The early development of 33 boys with Duchenne muscular dystrophy (DMD) was assessed at the Institute of Medical Genetics, University of Wales College of Medicine, Heath Park, Cardiff, Wales. The average age of entry into the study was 3.4 years (range 0.8 to 6.7). The Griffiths Developmental Scales, The Reynell Language Scales and the British Picture Vocabulary Scales were used at three evaluations at 6 monthly intervals over a one year period. Compared to a control group the boys with DMD showed developmental delay which was most severe in the locomotor and language areas. Locomotor quotients deteriorated over time and behavior problems were probably secondary to the developmental delay. 

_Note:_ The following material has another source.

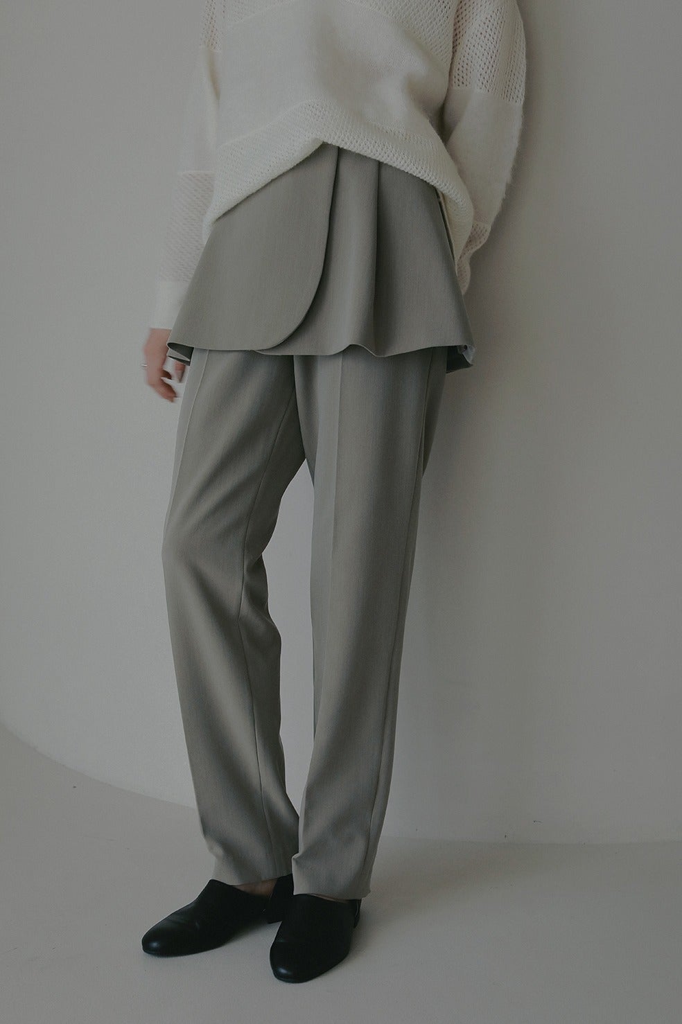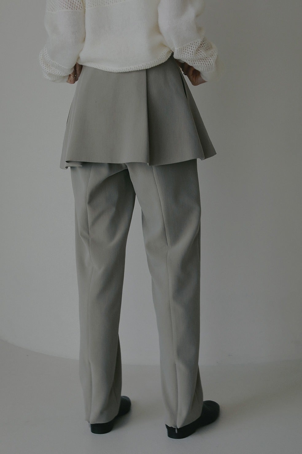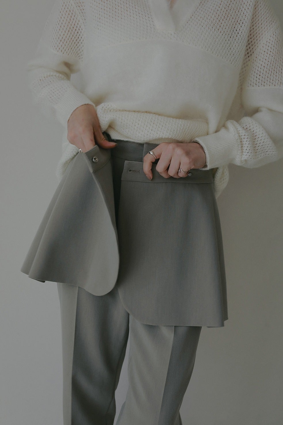 ミニスカートがセットとなったレイヤードスタイルを楽しめるパンツ。

COMMENT: Unexplained developmental delays should prompt a neurological evaluation to exclude Duchenne muscular dystrophy in boys. Young children with DMD have significant problems with motor, speech and behavioral disorders before muscle weakness becomes an obvious clinical sign.

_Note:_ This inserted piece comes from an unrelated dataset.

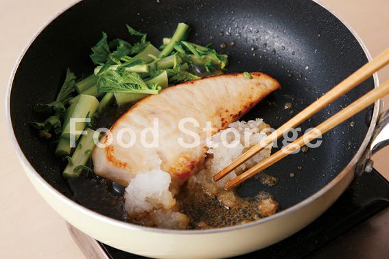 | めかじきはごま油の香りを効かせて、大根おろしとめんつゆでさっと味つけ。 |
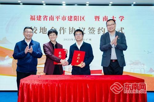 建阳区人民政府与暨南大学代表正式签署了校地合作协议。未来,双方将聚焦文化传承、教育研学、医疗服务等重点领域,建立常态化、长效化合作机制,推动南平及建阳的生态人文资源与暨南大学的教育科研优势深度融合、双向赋能,携手开创校地协同发展新格局,为区域高质量发展注入强劲动能。

The etiology of intellectual impairment in Duchenne muscular dystrophy was investigated by MRI studies at Jordan University, Amman, Jordan . Four DMD patients were studied prospectively by cranial MRI, DNA deletion analysis, clinical evaluation and IQ testing. There was no significant correlation between verbal IQ and MRI findings, DNA deletion or the clinical severity of the disease. Other than mild atrophy in two patients, no significant anatomical brain lesion was discovered. Previous reports have attributed intellectual impairment in DMD to anatomic brain changes, abnormal dendritic development, and migrational lesions. Others have described a direct relation between the severity of clinical disease and impairment of IQ.